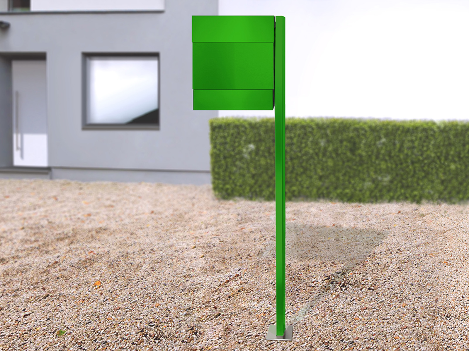 Słupek skrzynki o wysokości 144 cm z małą prostokątną podstawą, można go zamocować do podłoża na 2 sposoby: za pomocą 4 śrub lub za pomocą kotwy gruntowej - w obu wariantach połączenia śrubowe na podstawie słupka są zakryte dołączoną płytą osłonową.
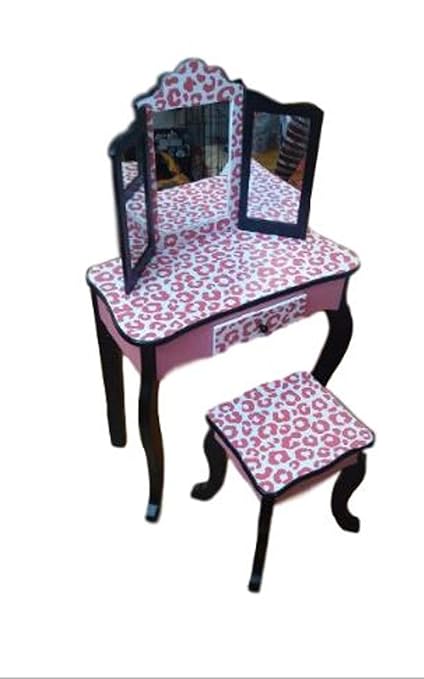 Teamson Kids Vanity Table And Stool Set In Black And Pink Leopard
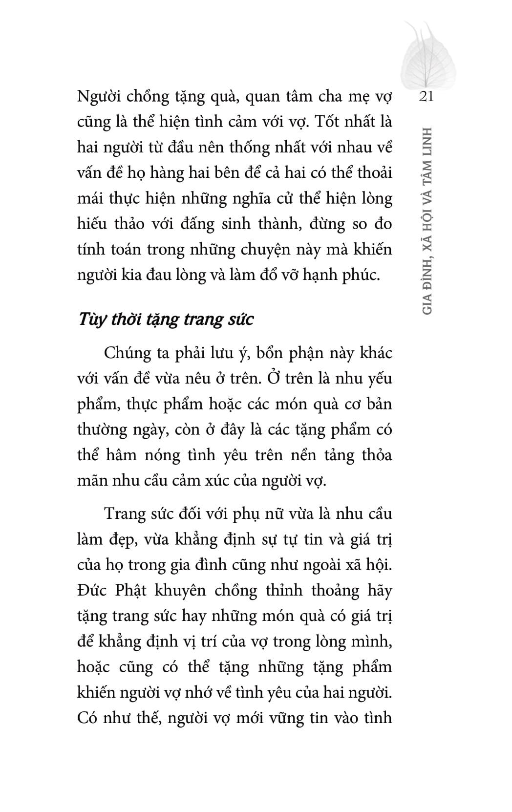 Thông qua Gia đình, xã hội và tâm linh, tôi hy vọng quý độc giả, quý Phật tử sẽ có thể rút ra được những bài học cho bản thân m.ình trong mối quan hệ gia đình, xã hội và tâm linh. Từ nền tảng đó, chúng ta hoàn toàn có thể điều chỉnh hành vi của m.ình nhằm thắt chặt tình cảm giữa m.ình với những người xung quanh. Làm được như thế có nghĩa chúng ta đã biết cách chuyển hóa, mà chuyển hóa chính là tu, là tìm thấy con đường đi đến bình an, hạnh phúc.
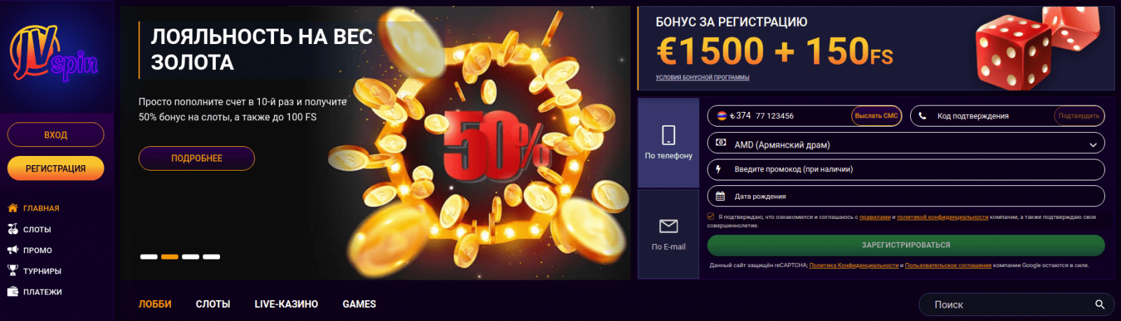 Заходя на JVSpin официальный сайт, потенциального игрока встречает приятное глазу оформление, выполненное в темно-фиолетовых тонах. Дизайн заведения выполнен стильно, с учетом предпочтений современных пользователей. Главное меню грамотно структурировано и позволяет быстро разобраться с навигацией по сайту. Первое, что бросается в глаза на главной странице сайта JVSpin casino – это яркий новостной баннер с информацией о текущих турнирах, бонусных предложениях и акциях. Ниже расположена панель для регистрации учетной записи.
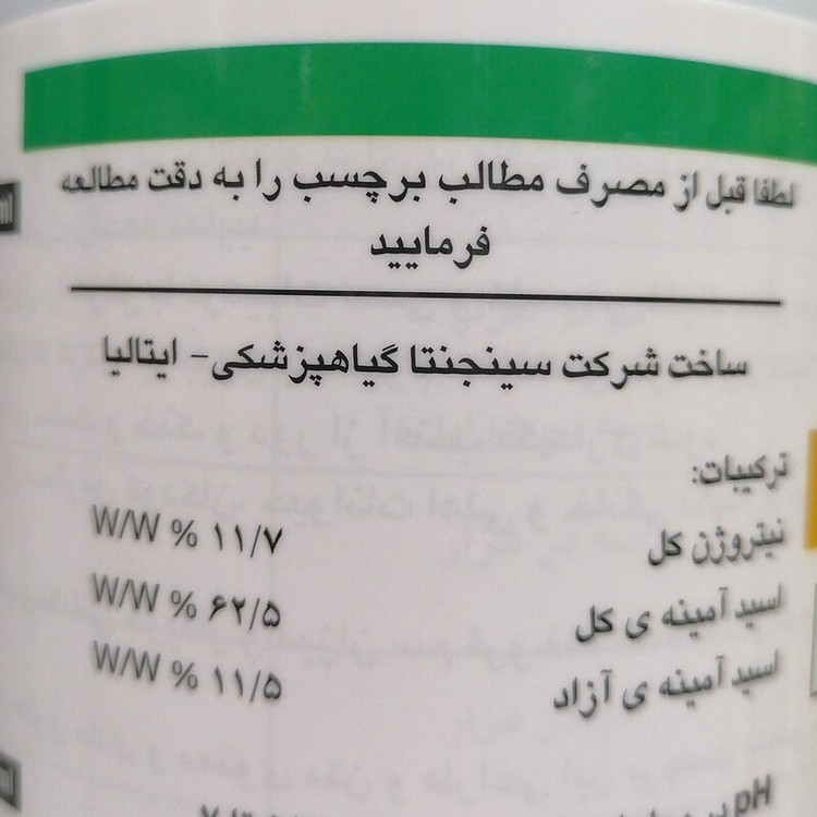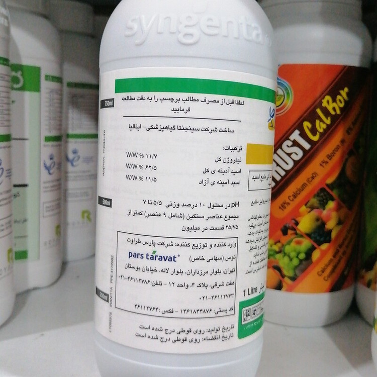 محصولی با منشا طبیعی از هیدرولیز منابع غنی آمینو اسیدی ✅افزایش مقاومت گیاه به انواع استرس (سرما، گرما، شوری، خشکی و...) ✅افزایش گلدهی و تشکیل میوه و کاهش ریزش گل ✅افزایش همسانی و همرسی میوه ✅بهبود رنگ و طعم ✅بهبود جذب ✅افزایش ریشه زایی و بهبود جذب ✅کاهش تنش انتقال نشا ✅سینجنتا ايتاليا ✅یک لیتری
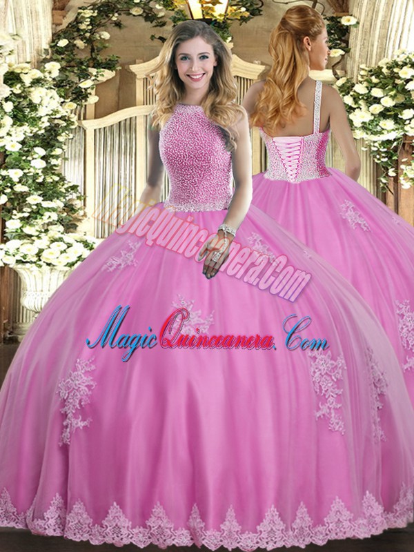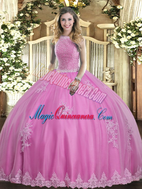 Free and Easy Rose Pink Tulle Lace Up 15th Birthday Dress Sleeveless Floor Length Beading and Appliques
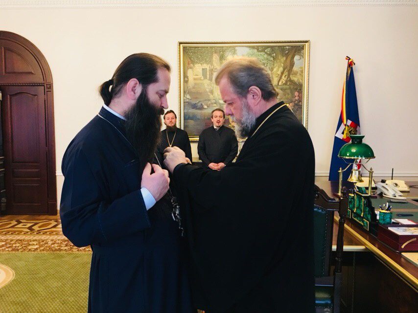 Joi, 01 februarie 2018, Întâistătătorul Bisericii Ortodoxe din Moldova, ÎPS Mitropolit Vladimir, în prezența Episcopilor Vicari: PS Ioan de Soroca și PS Siluan de Orhei și a Secretarului mitropolitan Prot. mitr. Vadim Cheibaș, a acordat înalta distincție mitropolitană Ordinul „Sf. Irh. Petru Movilă”, Arhimandritului Filaret (Cuzmin), Starețul Mănăstirii Căpriana, cu prilejul aniversării celor 40 de ani de la naștere.
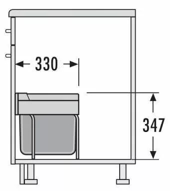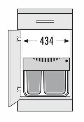 Выдвижная система с 3 ведрами 12 и 2x8 литров, для установки в распашной шкаф шириной 500 и 600 мм. Стационарная крышка с креплением ко дну шкафа.
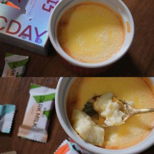 牛奶加白糖用小锅稍微加热至白糖融化即可。鸡蛋打散,倒加热的牛奶搅拌均匀
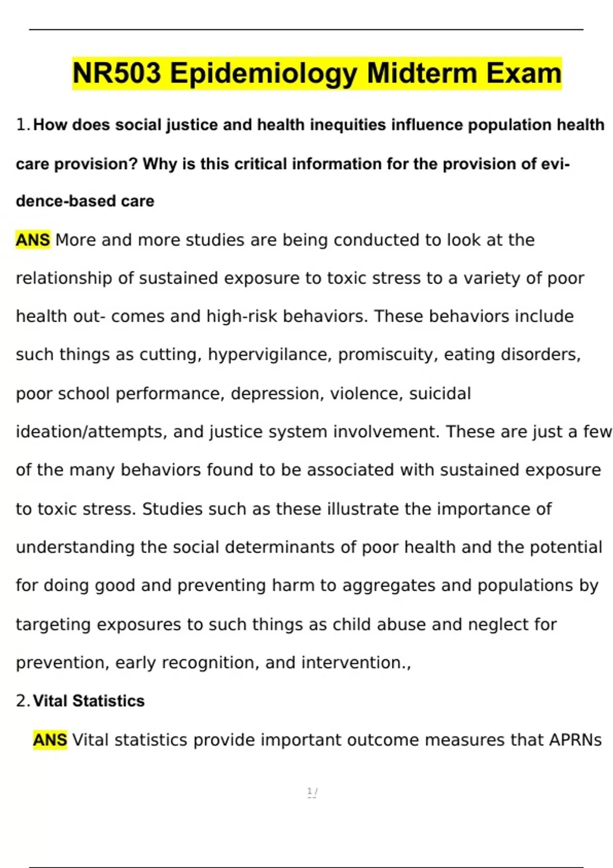 1. How does social justice and health inequities influence population health care provision? Why is this critical information for the provision of evi- dence-based care ANS More and more studies are being conducted to look at the relationship of sustained exposure to toxic stress to a variety of poor health out- comes and high-risk behaviors. These behaviors include such things as cutting, hypervigilance, promiscuity, eating disorders, poor school performance, depression, violence, suicidal ideation/attempts, and justice system involvement. These are just a few of the many behaviors found to be associated with sustained exposure to toxic stress. Studies such as these illustrate the importance of understanding the social determinants of poor health and the potential for doing good and preventing harm to aggregates and populations by targeting exposures to such things as child abuse and neglect for prevention, early recognition, and intervention., 2. Vital Statistics ANS Vital statistics provide important outcome measures that APRNs can monitor and compare over time and analyze by demographic variables to detect such things as health disparities. In the United States, the National Center for Health Statistics (NCHS) collects the official records of births, deaths, marriages, divorces, fetal deaths, and induced terminations of pregnancies from state and local health departments (Aschengrau & Seage, 2013). Personnel from local health departments review the data from death certificates, including demographic data, looking at the immediate cause of death and any contributing factors of death, and recording multiple causes of death. Local data are sent to a state office for collation and then sent to the NCHS, which provides this information to the public on its website (http//
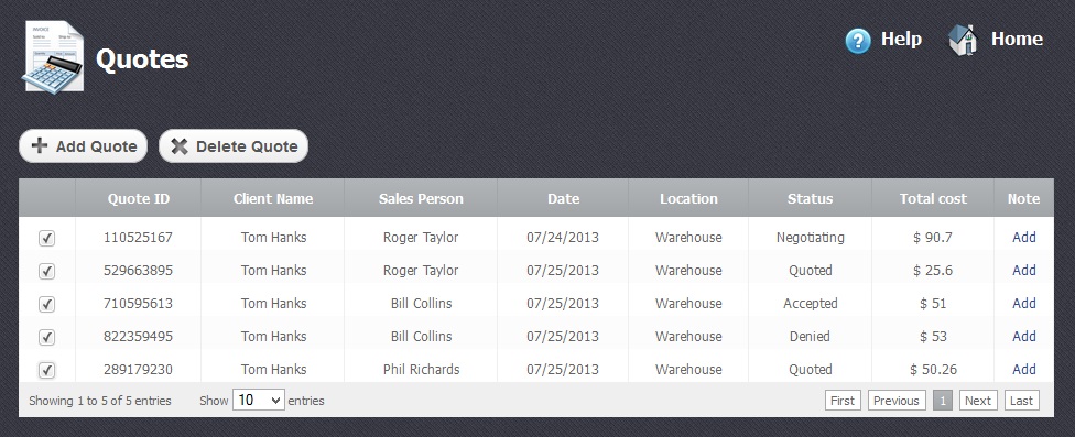 As soon as you add a new quote in the main module it will appear in the table of quotes. To sort data according to each column of the table, you just have to click on some column's name. If you click on the same column once again the sort direction will be changed.

WHAT IS BEING ASKED: Reproduce every record word for word. The copy must contain no pictures.

SOLUTION:
 Słupek skrzynki o wysokości 144 cm z małą prostokątną podstawą, można go zamocować do podłoża na 2 sposoby: za pomocą 4 śrub lub za pomocą kotwy gruntowej - w obu wariantach połączenia śrubowe na podstawie słupka są zakryte dołączoną płytą osłonową.
 Teamson Kids Vanity Table And Stool Set In Black And Pink Leopard
 Thông qua Gia đình, xã hội và tâm linh, tôi hy vọng quý độc giả, quý Phật tử sẽ có thể rút ra được những bài học cho bản thân m.ình trong mối quan hệ gia đình, xã hội và tâm linh. Từ nền tảng đó, chúng ta hoàn toàn có thể điều chỉnh hành vi của m.ình nhằm thắt chặt tình cảm giữa m.ình với những người xung quanh. Làm được như thế có nghĩa chúng ta đã biết cách chuyển hóa, mà chuyển hóa chính là tu, là tìm thấy con đường đi đến bình an, hạnh phúc.
 Заходя на JVSpin официальный сайт, потенциального игрока встречает приятное глазу оформление, выполненное в темно-фиолетовых тонах. Дизайн заведения выполнен стильно, с учетом предпочтений современных пользователей. Главное меню грамотно структурировано и позволяет быстро разобраться с навигацией по сайту. Первое, что бросается в глаза на главной странице сайта JVSpin casino – это яркий новостной баннер с информацией о текущих турнирах, бонусных предложениях и акциях. Ниже расположена панель для регистрации учетной записи.
 محصولی با منشا طبیعی از هیدرولیز منابع غنی آمینو اسیدی ✅افزایش مقاومت گیاه به انواع استرس (سرما، گرما، شوری، خشکی و...) ✅افزایش گلدهی و تشکیل میوه و کاهش ریزش گل ✅افزایش همسانی و همرسی میوه ✅بهبود رنگ و طعم ✅بهبود جذب ✅افزایش ریشه زایی و بهبود جذب ✅کاهش تنش انتقال نشا ✅سینجنتا ايتاليا ✅یک لیتری
 Free and Easy Rose Pink Tulle Lace Up 15th Birthday Dress Sleeveless Floor Length Beading and Appliques
 Joi, 01 februarie 2018, Întâistătătorul Bisericii Ortodoxe din Moldova, ÎPS Mitropolit Vladimir, în prezența Episcopilor Vicari: PS Ioan de Soroca și PS Siluan de Orhei și a Secretarului mitropolitan Prot. mitr. Vadim Cheibaș, a acordat înalta distincție mitropolitană Ordinul „Sf. Irh. Petru Movilă”, Arhimandritului Filaret (Cuzmin), Starețul Mănăstirii Căpriana, cu prilejul aniversării celor 40 de ani de la naștere.
 Выдвижная система с 3 ведрами 12 и 2x8 литров, для установки в распашной шкаф шириной 500 и 600 мм. Стационарная крышка с креплением ко дну шкафа.
 牛奶加白糖用小锅稍微加热至白糖融化即可。鸡蛋打散,倒加热的牛奶搅拌均匀
 1. How does social justice and health inequities influence population health care provision? Why is this critical information for the provision of evi- dence-based care ANS More and more studies are being conducted to look at the relationship of sustained exposure to toxic stress to a variety of poor health out- comes and high-risk behaviors. These behaviors include such things as cutting, hypervigilance, promiscuity, eating disorders, poor school performance, depression, violence, suicidal ideation/attempts, and justice system involvement. These are just a few of the many behaviors found to be associated with sustained exposure to toxic stress. Studies such as these illustrate the importance of understanding the social determinants of poor health and the potential for doing good and preventing harm to aggregates and populations by targeting exposures to such things as child abuse and neglect for prevention, early recognition, and intervention., 2. Vital Statistics ANS Vital statistics provide important outcome measures that APRNs can monitor and compare over time and analyze by demographic variables to detect such things as health disparities. In the United States, the National Center for Health Statistics (NCHS) collects the official records of births, deaths, marriages, divorces, fetal deaths, and induced terminations of pregnancies from state and local health departments (Aschengrau & Seage, 2013). Personnel from local health departments review the data from death certificates, including demographic data, looking at the immediate cause of death and any contributing factors of death, and recording multiple causes of death. Local data are sent to a state office for collation and then sent to the NCHS, which provides this information to the public on its website (http//
 As soon as you add a new quote in the main module it will appear in the table of quotes. To sort data according to each column of the table, you just have to click on some column's name. If you click on the same column once again the sort direction will be changed.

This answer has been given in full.